- _ACTIVITY_
Given the records underneath, please repeat exactly the lines from the line with "DescriptionStanding figure of" through the line with "i-baby 戴礼帽的小女孩 陪伴安抚娃娃玩偶 周岁伴手礼物 小女孩洋娃娃玩具", passing over any picture.

[[ SOURCE MATERIAL, beginning ]]

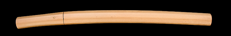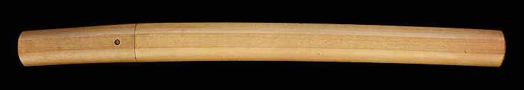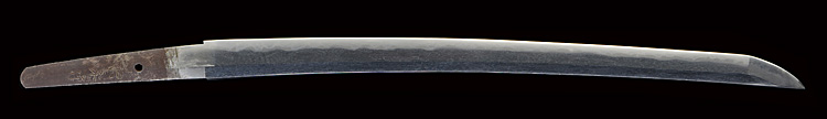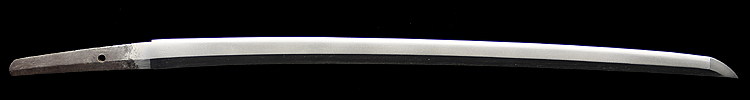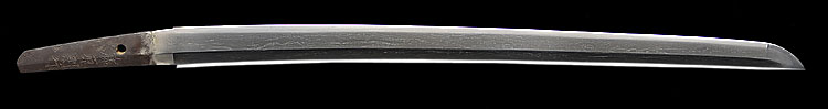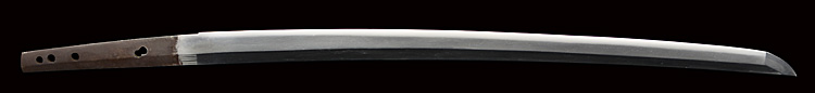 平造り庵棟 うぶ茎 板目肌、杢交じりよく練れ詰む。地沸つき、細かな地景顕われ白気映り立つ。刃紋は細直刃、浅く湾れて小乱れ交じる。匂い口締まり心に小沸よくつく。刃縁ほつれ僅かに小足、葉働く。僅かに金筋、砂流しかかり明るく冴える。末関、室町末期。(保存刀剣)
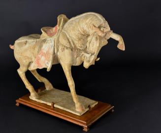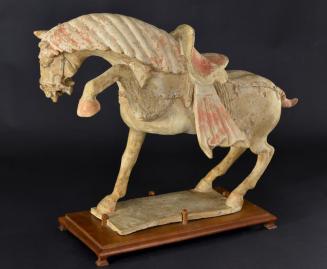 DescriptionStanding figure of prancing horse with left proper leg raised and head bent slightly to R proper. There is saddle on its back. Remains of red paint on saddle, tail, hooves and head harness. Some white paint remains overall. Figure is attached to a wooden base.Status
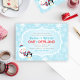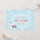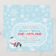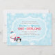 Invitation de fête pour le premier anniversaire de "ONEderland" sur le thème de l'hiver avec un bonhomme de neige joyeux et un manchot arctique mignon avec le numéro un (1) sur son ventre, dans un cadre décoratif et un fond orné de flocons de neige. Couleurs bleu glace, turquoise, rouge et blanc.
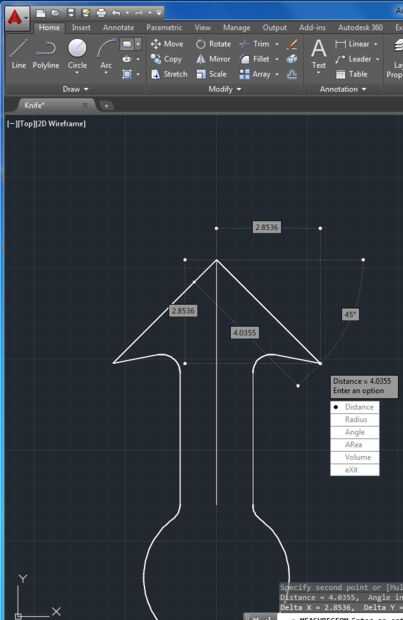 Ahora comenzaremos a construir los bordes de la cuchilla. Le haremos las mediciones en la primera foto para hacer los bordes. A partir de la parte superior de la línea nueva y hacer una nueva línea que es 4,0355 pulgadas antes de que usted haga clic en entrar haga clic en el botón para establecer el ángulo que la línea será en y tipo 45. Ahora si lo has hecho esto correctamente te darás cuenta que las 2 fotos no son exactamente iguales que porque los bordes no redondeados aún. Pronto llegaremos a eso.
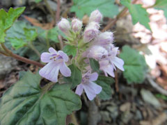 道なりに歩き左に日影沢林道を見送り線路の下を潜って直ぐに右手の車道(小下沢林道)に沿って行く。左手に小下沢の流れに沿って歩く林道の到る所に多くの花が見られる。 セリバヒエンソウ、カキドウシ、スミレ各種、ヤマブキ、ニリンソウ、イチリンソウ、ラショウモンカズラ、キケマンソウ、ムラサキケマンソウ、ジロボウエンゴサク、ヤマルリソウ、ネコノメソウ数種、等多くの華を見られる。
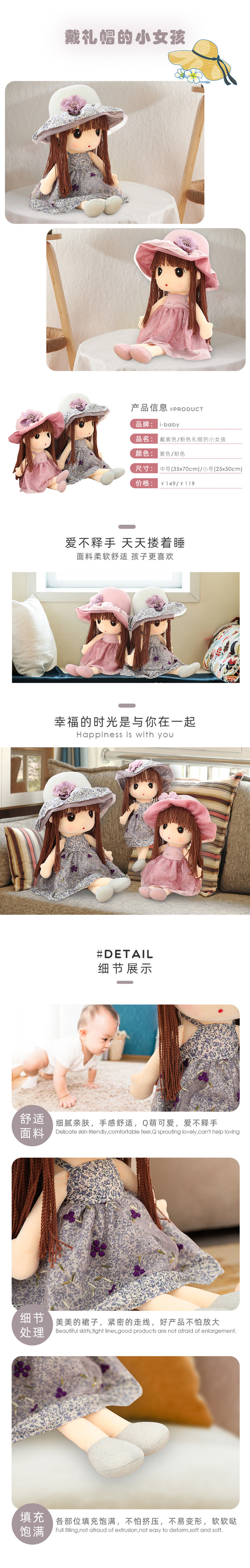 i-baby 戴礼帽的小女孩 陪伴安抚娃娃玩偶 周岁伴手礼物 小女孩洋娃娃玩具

[[ SOURCE MATERIAL, end ]]
[[ SOURCE MATERIAL, beginning ]]

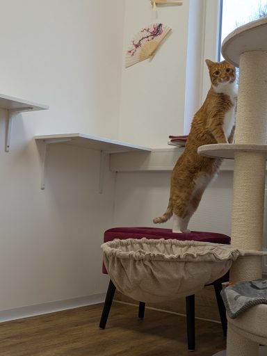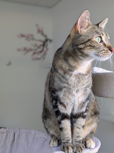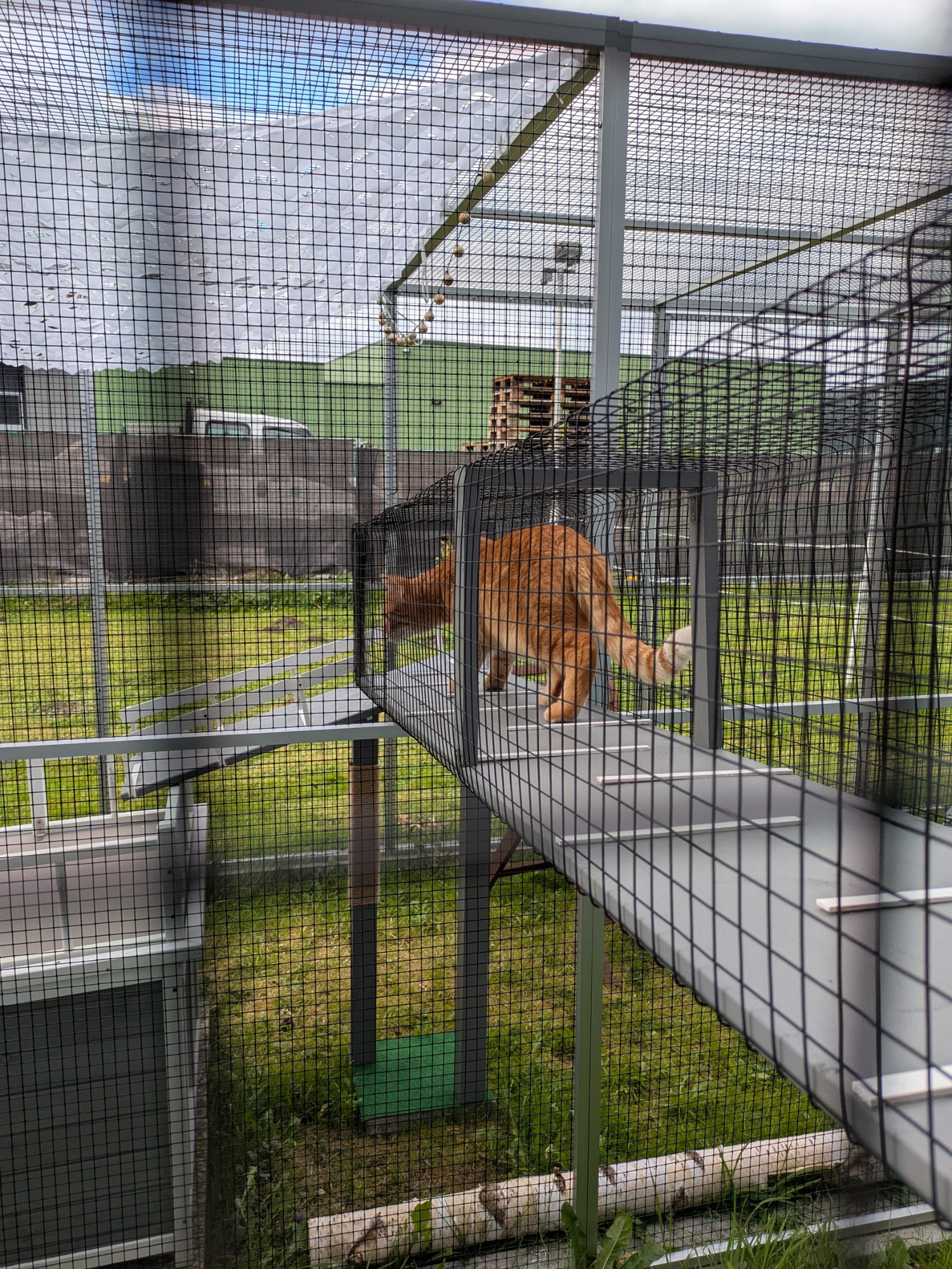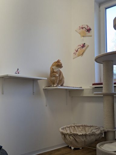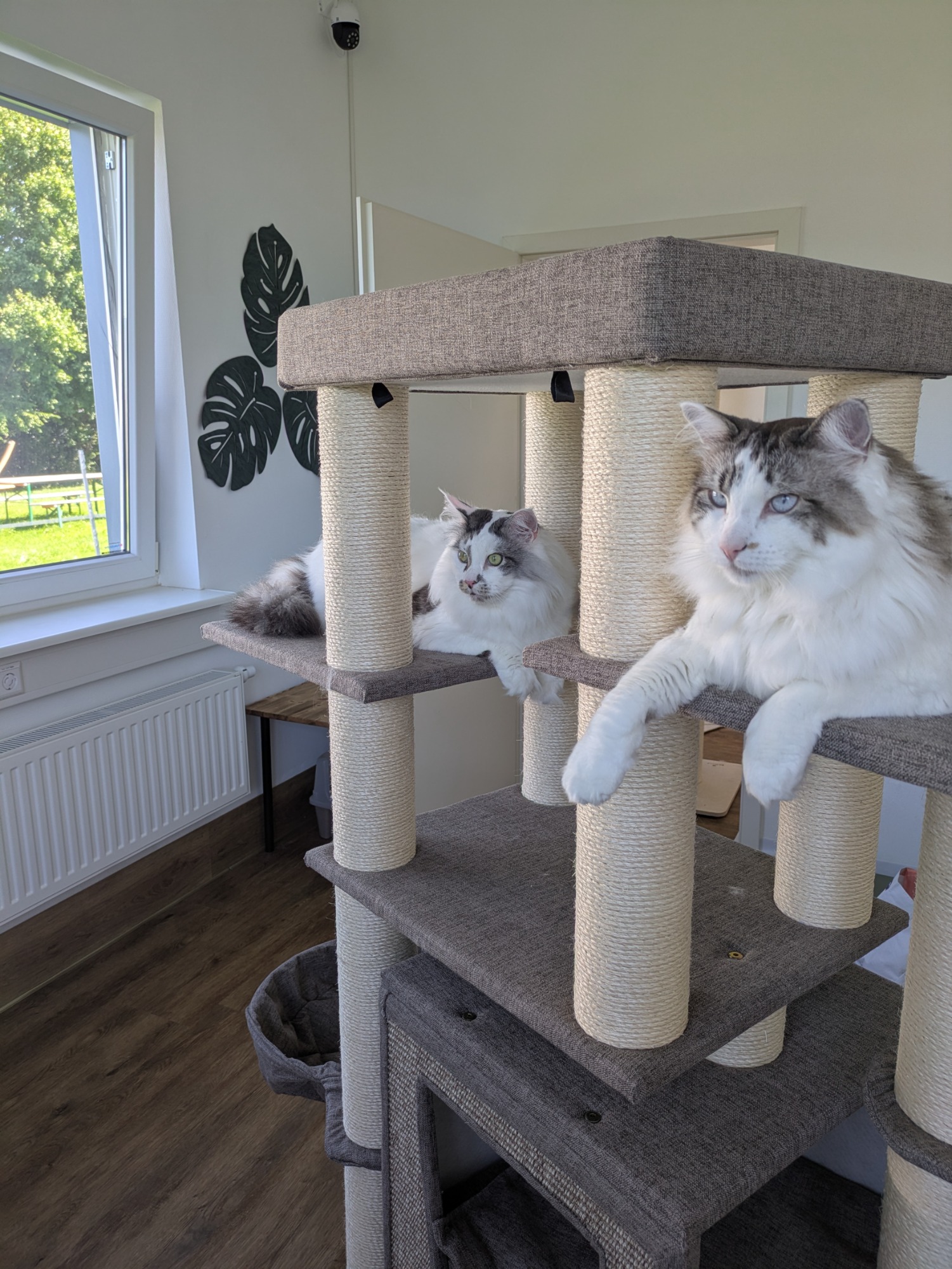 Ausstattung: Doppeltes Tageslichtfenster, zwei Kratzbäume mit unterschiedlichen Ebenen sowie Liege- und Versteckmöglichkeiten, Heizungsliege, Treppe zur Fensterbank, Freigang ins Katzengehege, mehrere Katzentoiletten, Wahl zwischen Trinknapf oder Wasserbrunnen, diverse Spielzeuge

[[ SOURCE MATERIAL, end ]]

- _TASK SOLUTION_
 DescriptionStanding figure of prancing horse with left proper leg raised and head bent slightly to R proper. There is saddle on its back. Remains of red paint on saddle, tail, hooves and head harness. Some white paint remains overall. Figure is attached to a wooden base.Status
 Invitation de fête pour le premier anniversaire de "ONEderland" sur le thème de l'hiver avec un bonhomme de neige joyeux et un manchot arctique mignon avec le numéro un (1) sur son ventre, dans un cadre décoratif et un fond orné de flocons de neige. Couleurs bleu glace, turquoise, rouge et blanc.
 Ahora comenzaremos a construir los bordes de la cuchilla. Le haremos las mediciones en la primera foto para hacer los bordes. A partir de la parte superior de la línea nueva y hacer una nueva línea que es 4,0355 pulgadas antes de que usted haga clic en entrar haga clic en el botón para establecer el ángulo que la línea será en y tipo 45. Ahora si lo has hecho esto correctamente te darás cuenta que las 2 fotos no son exactamente iguales que porque los bordes no redondeados aún. Pronto llegaremos a eso.
 道なりに歩き左に日影沢林道を見送り線路の下を潜って直ぐに右手の車道(小下沢林道)に沿って行く。左手に小下沢の流れに沿って歩く林道の到る所に多くの花が見られる。 セリバヒエンソウ、カキドウシ、スミレ各種、ヤマブキ、ニリンソウ、イチリンソウ、ラショウモンカズラ、キケマンソウ、ムラサキケマンソウ、ジロボウエンゴサク、ヤマルリソウ、ネコノメソウ数種、等多くの華を見られる。
 i-baby 戴礼帽的小女孩 陪伴安抚娃娃玩偶 周岁伴手礼物 小女孩洋娃娃玩具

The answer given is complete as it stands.